Kommen wir zurück zu HUMBOLDTs besonderen Uhr: Er wird in der Literatur, besonders in Südamerika, als zweiter, wahrer Entdecker Amerikas gefeiert und immer wieder geehrt; er habe mehr für diese Länder bewirkt als alle Conquistadores vor ihm, soll Simon BOLIVAR (1783-1830) gesagt haben. HUMBOLDT hat schon gut eine Woche vor der Ankunft in der venezuelanischen Hafenstadt Amerika (und zwar die Antilleninsel Tobago) richtig vorausgesehen und gefunden mit Hilfe seines hochgeschätzten Chronometers von Louis BERTHOUD! Hierdurch wird diese hier im Mittelpunkt stehende spezielle Seeuhr eigentlich noch bemerkenswerter.

Lesen wir die folgenden Zeilen, fühlen wir uns nahezu als Augenzeuge dieses Moments an Bord der "Pizarro". Zum 8. Juli 1799 schreibt HUMBOLDT (HUMBOLDT, A. v. (1814-1825), nach HAUFF, Bd. 1, S. 198 ff.), und dies entspricht auch im wesentlichen seinen von FAAK 2000 herausgegebenen Tagebuchnotizen zu diesem bedeutsamen Ereignis:

"Seit mehreren Tagen war die Schätzung der Steuerleute um 1°12’ von der Länge abgewichen, die mir mein Chronometer angab.
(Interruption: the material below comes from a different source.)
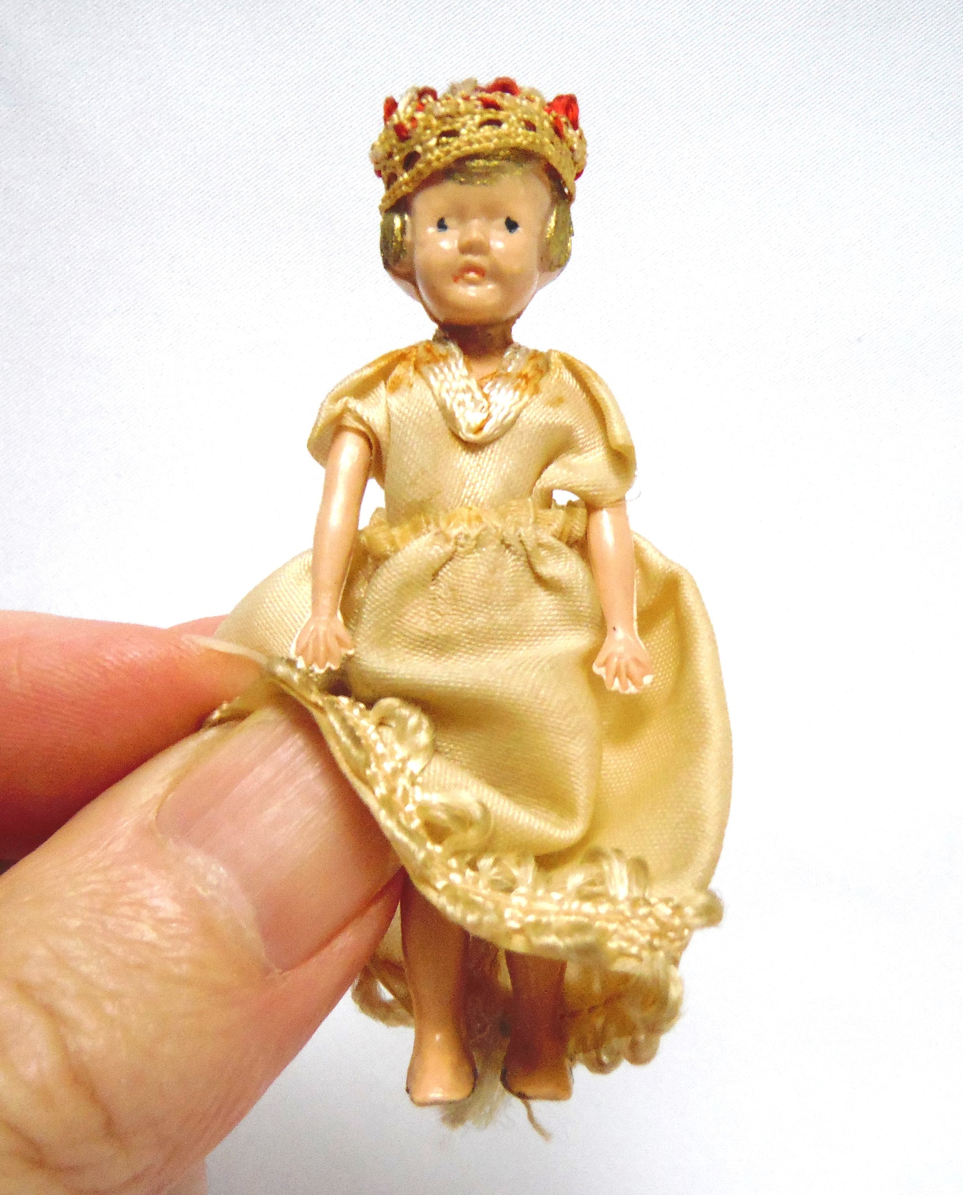 Miniature QUEEN ELIZABETH II DOLL, with Gown & Crown, Vintage 1950's, is a wonderful Miniature Doll of QUEEN ELIZABETH II, complete with Gown & Crown. She stands 3 inches tall, has a Gown of taupe silk and lace, a beautiful red crown, and arms that move up and down. Very Good Condition.

Dieser Unterschied rührte weniger von der allgemeinen Strömung her, die ich ‘Rotationsstrom’ genannt habe, als von dem eigenthümlichen Zuge des Wassers nach Nordwest, von der Küste von Brasilien gegen die kleinen Antillen, wodurch die Überfahrt von Cayenne nach Guadeloupe abgekürzt wird. Am zwölften Juli glaubte ich ankündigen zu können, daß Tags darauf vor Sonnenaufgang Land in Sicht seyn werde. Wir befanden uns jetzt nach meinen Beobachtungen unter 10°46’ der Breite und 60°54’ westlicher Länge. Einige Reihen Mondbeobachtungen bestätigten die Angaben des Chronometers; aber wir wußten besser, wo sich die Corvette befand, als wo das Land lag, dem unser Kurs zuging und das auf den französischen, spanischen und englischen Karten so verschieden angegeben ist....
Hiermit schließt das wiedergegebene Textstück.